In the next aisle I watched a woman stare at a shelf, so empty that I have no idea what was supposed to be there … Soup of some kind, perhaps? … hard to say. I, myself was on my way to find jasmine rice, to supplement the chili, that I plan to make, that won’t have the turkey, that will be made with the beef, that is all that they had, and is missing the beans, that weren’t on the shelf that jack built. 

On the other hand, the produce section was being restocked as I walked in, and I found everything I needed in the way of vegetables. And yes, I was very careful, and didn’t touch my face with my hands. . And  yes, I came home and washed my hands. And yes, I have no plans to go out again for several days. Instead, I will make chili, paint, write, phone my friends, do some spring cleaning, read, clean up the front garden, go for walks and cogitate on how medieval it seems to be quarantined. It feels a bit like being under siege. Which is, in its own way is ironic, because Florence was once under siege, right? 

2 Replies to “GOODBYE LEONARDO AND MICHELANGELO”

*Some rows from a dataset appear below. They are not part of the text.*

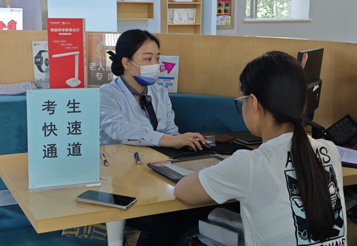 營(yíng)業(yè)廳為高考學(xué)子及家長(zhǎng)開通快速綠色服務(wù)通道,高考前后為考生及家長(zhǎng)提供業(yè)務(wù)辦理快捷服務(wù)。此外,營(yíng)業(yè)廳還免費(fèi)提供飲用水、防暑藥品、應(yīng)急充電、免費(fèi)WIFI等服務(wù),為助力高考提供暖心服務(wù)。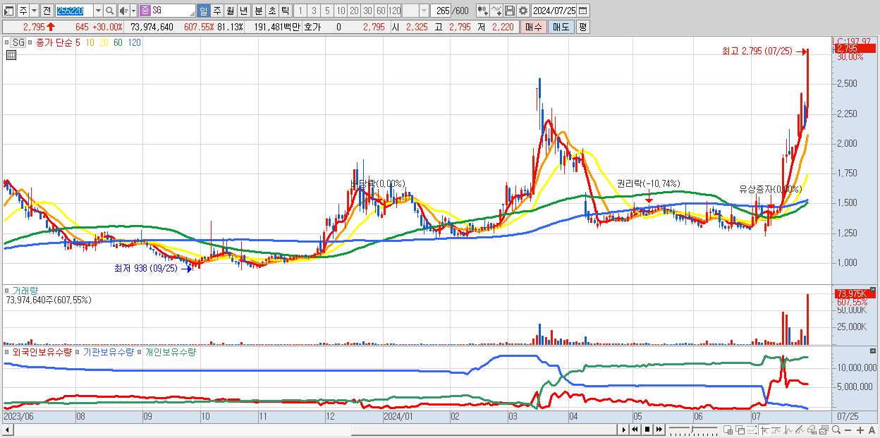 - SG (2,795원 ▲ 30% , 시총: 2,548억, 거래량: 73,974,640, 거래대금:1,915억)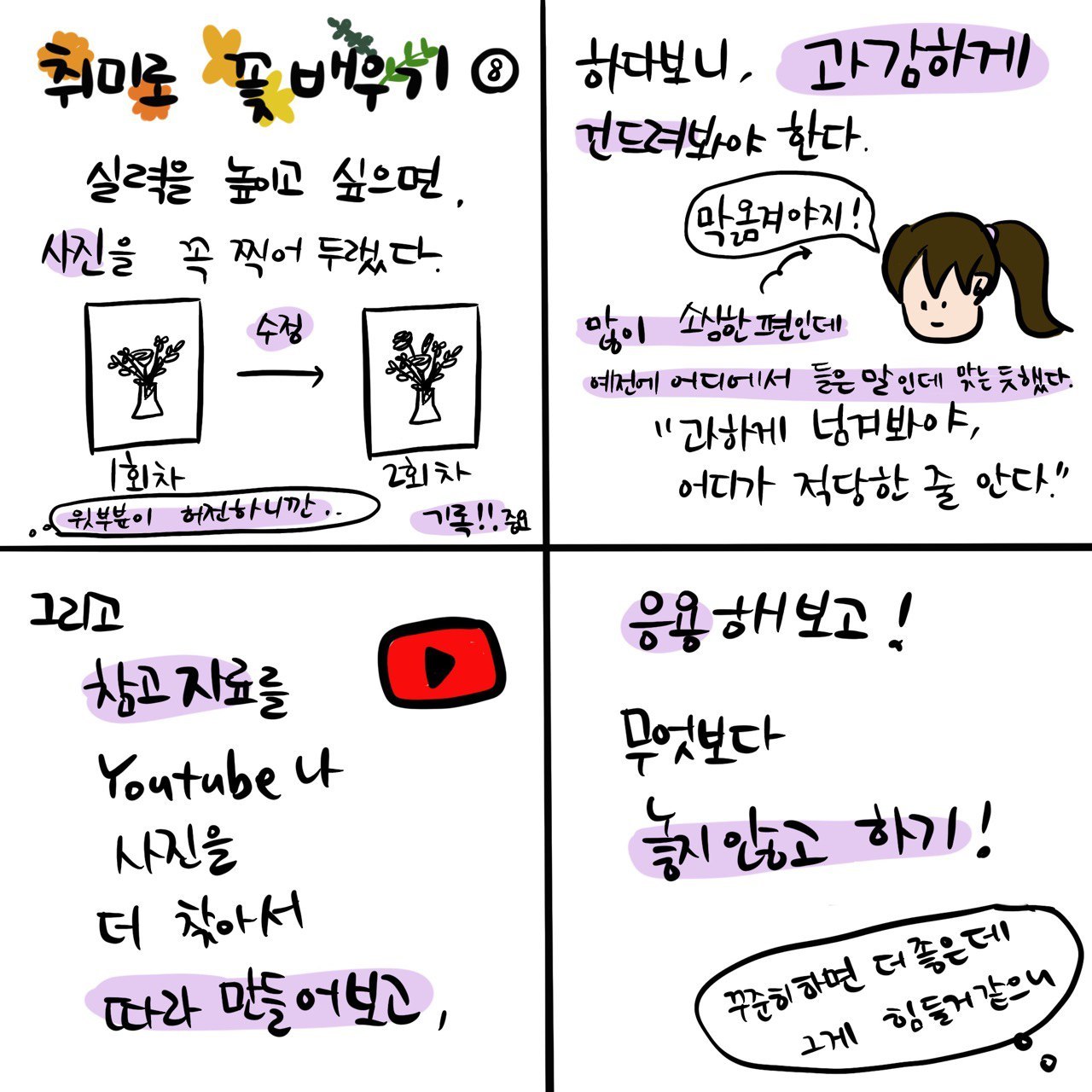 실력을 높이려면 상황을 파악하고 바꿀 것을 찾아서 고쳐야 한다. 꽃 배우는 것도 마찬가지였다. 상황을 파악하기 위해 사진을 찍는다. 눈으로만 봐서는 뭐가 뭔지 모르기 때문에. 찍은 사진을 보고 고칠 곳을 찾는다.(물론 잘한 점도 찾으면 기분이 좋으니 그것도 찾는다.) 고친 다음 다시 사진을 찍는다. 찍은 사진을 보고 잘한 점들 찾고 또 고칠 곳을 찾는다. 이러다 보면 처음보다는 실력이 오르는 걸 알 수 있다. 아, 그래서 강사님께서 사진을 꼭 찍으라고 하셨구나.

  1. As always, immensely well written and a terrifically entertaining read! dear Connie.
    Many years ago in a sort of audition for the local radio, across in Beacon, New York, I gave my recipe for Chili over the airwaves. The well-known DJ whose morning show I was on, found it very amusing indeed. Perhaps it was the incongruity of the British accent and a good but haphazardly remembered chili con carne of sorts. Would you mind if I share the link – perhaps pasting a section of it too – on my feckybok page, so others can read what’s happening over there in Connecticutsville? HUGS (virtually) Rxxx. PS SOOOOOO delighted to read that you’re doing the online thing with your lovely artworks. Onwards and upwards…though presently mostly inwards.

  2. I would love to have you share my comments with the Irish world. We are all hunkered down over here anticipating events that may or may not come to pass. Such a big world of the unknown.